As far as ELIMINATING the MPEG2 receivers anytime soon, DirecTV hasn't even begun an upgrade program for the LEGACY SD receivers (Hughes, RCA, Sony, etc.) much less upgrade the DirecTV-branded SD receivers. Not only that, every day new DirecTV customers are being installed with SD-only equipment. It will be YEARS and YEARS before all the MPEG2 boxes are gone.


----------



## ndole (Aug 26, 2009)

ThomasM said:


> That's not true at all. Software is still being updated for the SD receivers and DVR's.

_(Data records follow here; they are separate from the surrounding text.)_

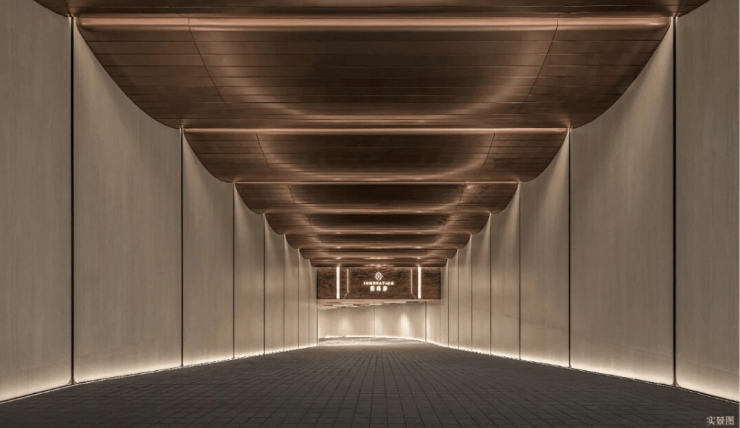 车辆缓缓驶入地库,迎宾坡道消除传统思维中对“星空顶”的奢华执念,以极具亲切感的姿态,展开归家序幕。古铜色铝板拼接成圆弧阵列,形似海浪轻抚,经手工拼接,与关永权的泛光设计融为一体,回家的光线并非刺眼的亮光,更有归家的温馨感与层次。
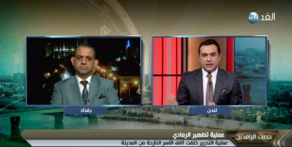 واضاف فاضل أبو رغيف الخبير العسكري العراقي، خلال لقاءٍ له ببرنامج "حديث الرافدين"، المذاع على قناة "الغد العربي" الإخبارية، مع الإعلامي علاء الشيخ، أنه عقب تحرير مركز الأنبار والرمادي لم يتبقي منها سوى منطقة الشرقوبالنظر
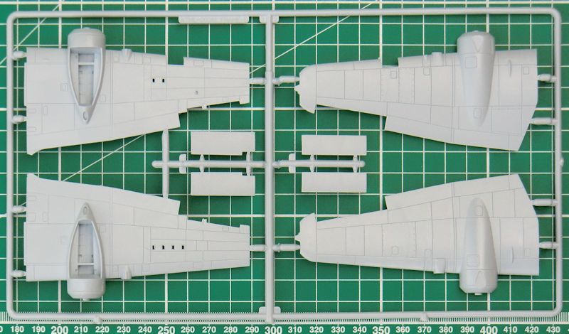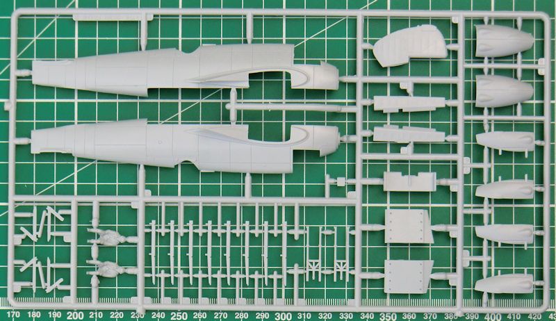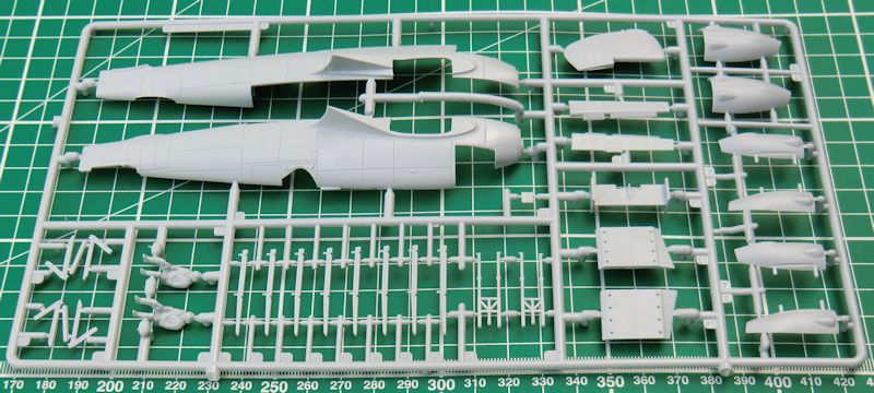 Die Bauteile sind sauber abgespritzt und besitzen feine Strukturen. Insgesamt ist der Aufbau des Bausatzes gut gelöst und ermöglicht auch Anfängern einen problemlosen Bau. Das Cockpit entsteht aus sechs Teilen. Davon ist die Wanne für den Piloten das größte Teil. Natürlich gibt es auch die übliche Pilotenfigur. Zwei Decals gestalten das Instrumentenbrett. Die Auspuffstutzen werden von innen eingeklebt. Die Tragfläche besteht aus Ober- und Unterteil. Dort sind die Ruder und die Klappen jeweils mit anmodelliert. Das sorgt für scharfe Hinterkanten. Für die Verkleidungen der Flächenwaffen und das ETC müssen noch paar angedeutete Bohrungen durchbrochen werden.
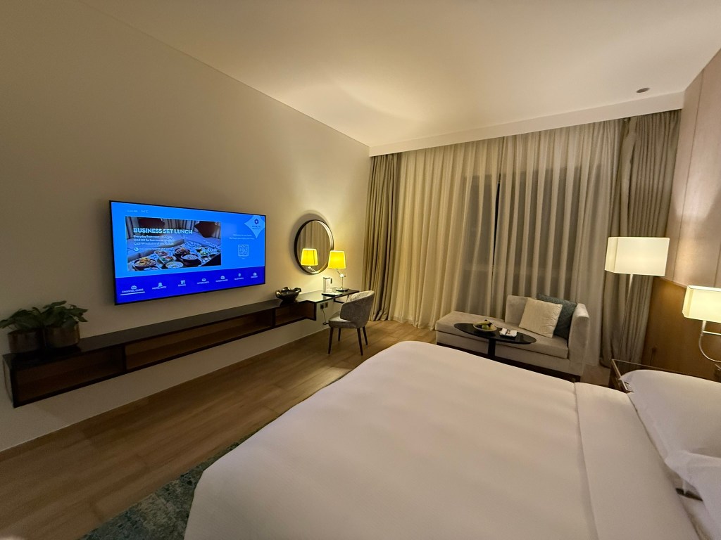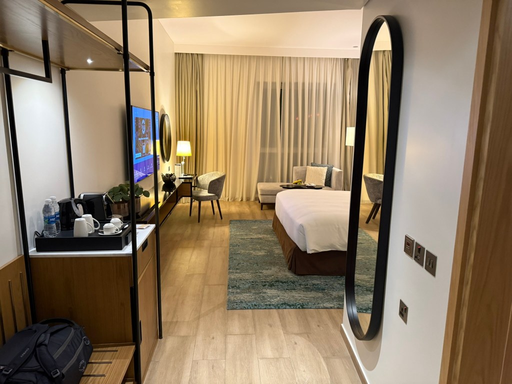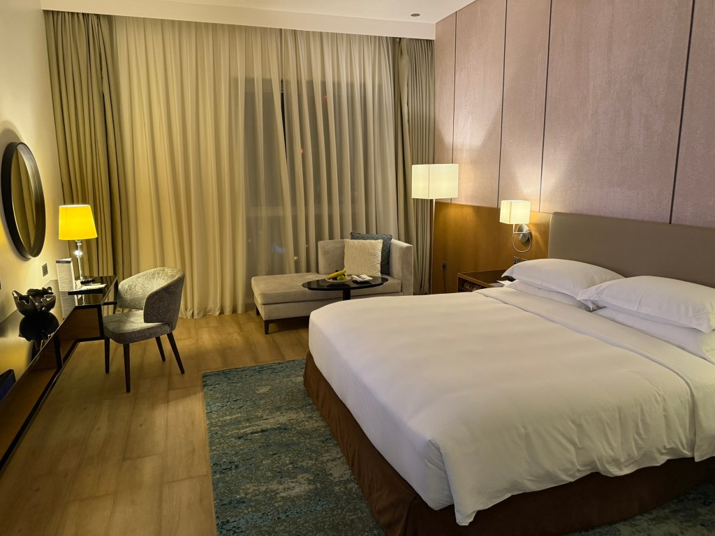 I arrived at the Hyatt Regency Oryx Doha just after midnight local time, but it was after 4am in Thailand where I had just come from, although I hadn’t really acclimated to the time change anyway. The front desk agent apologized that there was no suite upgrade available, but I wasn’t too bothered for a one night solo stay. He did say I was upgraded to a club room which gave me access to the Regency Club. I booked the hotel for 5,000 Hyatt points as it is a Category 1 property. The cash price was around $120 when I booked.
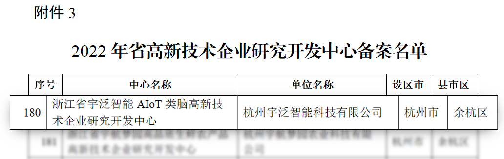 近日,浙江省科学技术厅公示了2022年省高新技术企业研究开发中心认定名单,凭借领先的创新能力与研发能力,“浙江省宇泛智能AIoT类脑高新技术企业研究开发中心”获评。
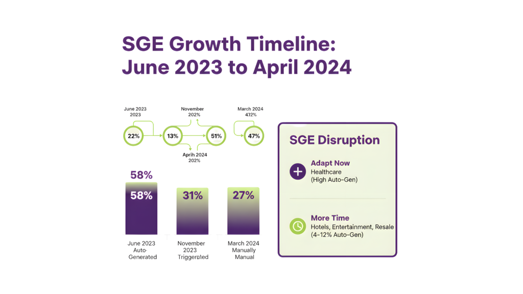 These numbers show a slight decrease in automatic generation. Google seems to be fine-tuning when AI answers work best. Some industries will face SGE disruption earlier than others. Healthcare organizations need to adapt now because of high automatic generation rates. Hotels, entertainment, and real estate businesses have more time to prepare their enterprise SEO strategies since they only see 4-12% automatic SGE generation.
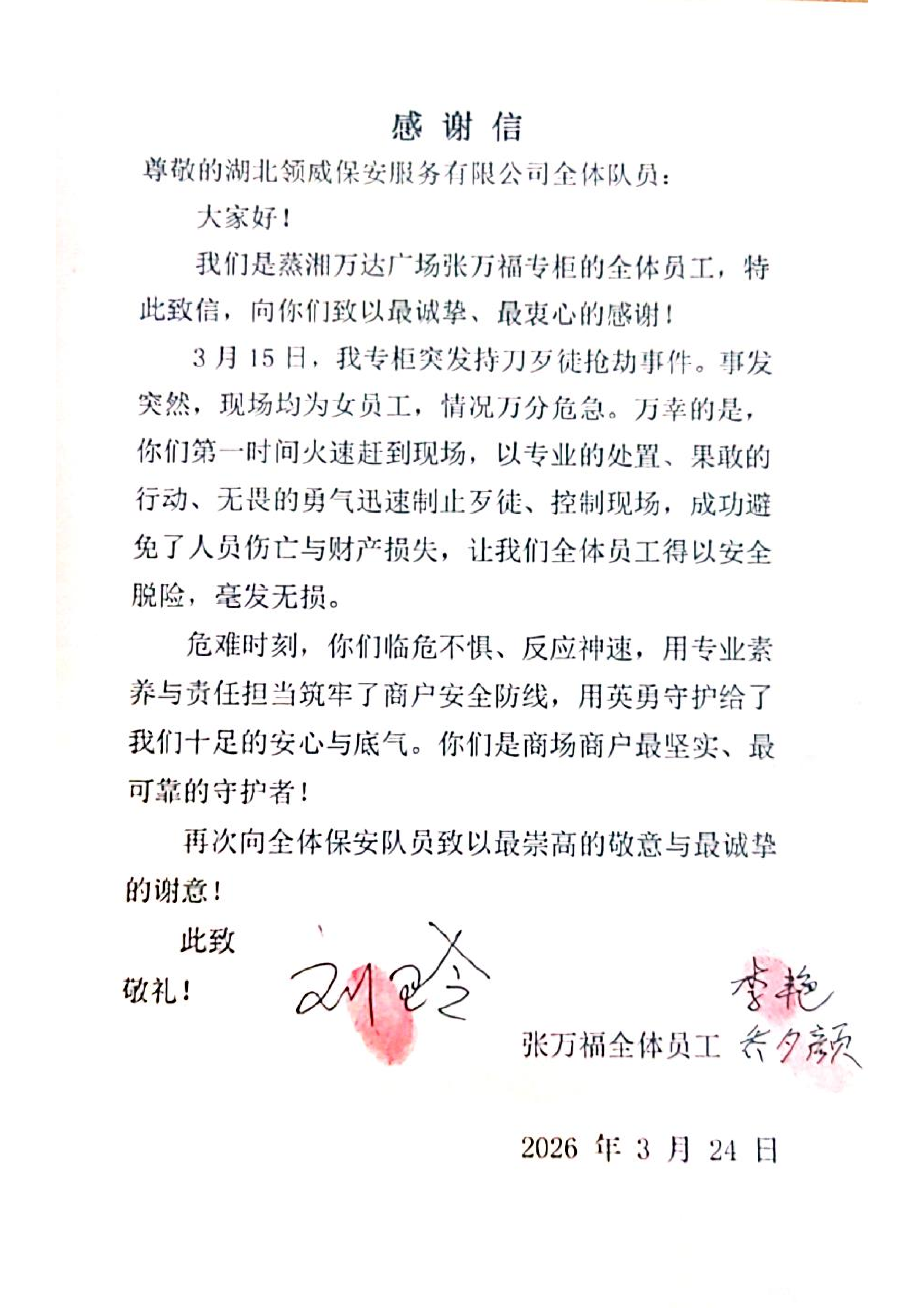 近日,湖北領(lǐng)威保安服務(wù)有限公司收獲一份特殊榮譽(yù)--由湖南衡陽(yáng)蒸湘萬(wàn)達(dá)廣場(chǎng)張萬(wàn)福珠寶專柜專程送來感謝信與錦旗,致謝領(lǐng)威安保隊(duì)員聯(lián)合警方快速處置持刀搶劫突發(fā)事件、全力守護(hù)商戶生命財(cái)產(chǎn)安全的英勇之舉與責(zé)任擔(dān)當(dāng)。

While new features aren't being added, bug fixes and improved user interfaces are still in the works.
> 
> I can't give specifics here but you might want to visit the Cutting Edge forum here on DBSTALK.COM where you may even decide to join the fun.
> 
> As far as ELIMINATING the MPEG2 receivers anytime soon, DirecTV hasn't even begun an upgrade program for the LEGACY SD receivers (Hughes, RCA, Sony, etc.) much less upgrade the DirecTV-branded SD receivers. Not only that, *every day new DirecTV customers are being installed with SD-only equipment.* It will be YEARS and YEARS before all the MPEG2 boxes are gone.


Correct. The IRD manufacturers are making new standard IRD's every day.


----------



## CCarncross (Jul 19, 2005)

ThomasM said:


> I can't give specifics here but you might want to visit the Cutting Edge forum here on DBSTALK.COM where you may even decide to join the fun.
> 
> As far as ELIMINATING the MPEG2 receivers anytime soon, DirecTV hasn't even begun an upgrade program for the LEGACY SD receivers (Hughes, RCA, Sony, etc.) much less upgrade the DirecTV-branded SD receivers. Not only that, every day new DirecTV customers are being installed with SD-only equipment. It will be YEARS and YEARS before all the MPEG2 boxes are gone.


I've been a member of the CE group since the very 1st week. But I also have absolutely zero use for any SD crap anymore. I want it all gone, its a boat anchor to D*'s development. I doubt that they will update the SD GUI to match the HD GUI, if its even possible. Friggin waste of time and effort.


----------



## crkeehn (Apr 23, 2002)

CCarncross said:


> I've been a member of the CE group since the very 1st week. But I also have absolutely zero use for any SD crap anymore. I want it all gone, its a boat anchor to D*'s development. I doubt that they will update the SD GUI to match the HD GUI, if its even possible. Friggin waste of time and effort.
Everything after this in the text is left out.